───── Source data ─────
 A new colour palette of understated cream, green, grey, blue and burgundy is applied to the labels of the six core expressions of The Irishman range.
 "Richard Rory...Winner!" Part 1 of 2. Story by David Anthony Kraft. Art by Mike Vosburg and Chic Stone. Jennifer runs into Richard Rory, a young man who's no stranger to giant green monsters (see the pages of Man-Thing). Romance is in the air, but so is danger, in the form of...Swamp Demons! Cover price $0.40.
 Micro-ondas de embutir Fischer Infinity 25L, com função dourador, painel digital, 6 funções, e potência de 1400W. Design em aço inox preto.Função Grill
─────
───── Source data ─────
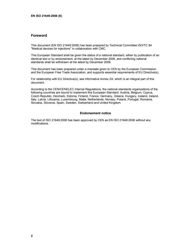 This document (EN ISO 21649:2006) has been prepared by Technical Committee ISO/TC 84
─────
» About this task: From the data above, pick out each line containing "green" and copy it.

» Reply:
 A new colour palette of understated cream, green, grey, blue and burgundy is applied to the labels of the six core expressions of The Irishman range.
 "Richard Rory...Winner!" Part 1 of 2. Story by David Anthony Kraft. Art by Mike Vosburg and Chic Stone. Jennifer runs into Richard Rory, a young man who's no stranger to giant green monsters (see the pages of Man-Thing). Romance is in the air, but so is danger, in the form of...Swamp Demons! Cover price $0.40.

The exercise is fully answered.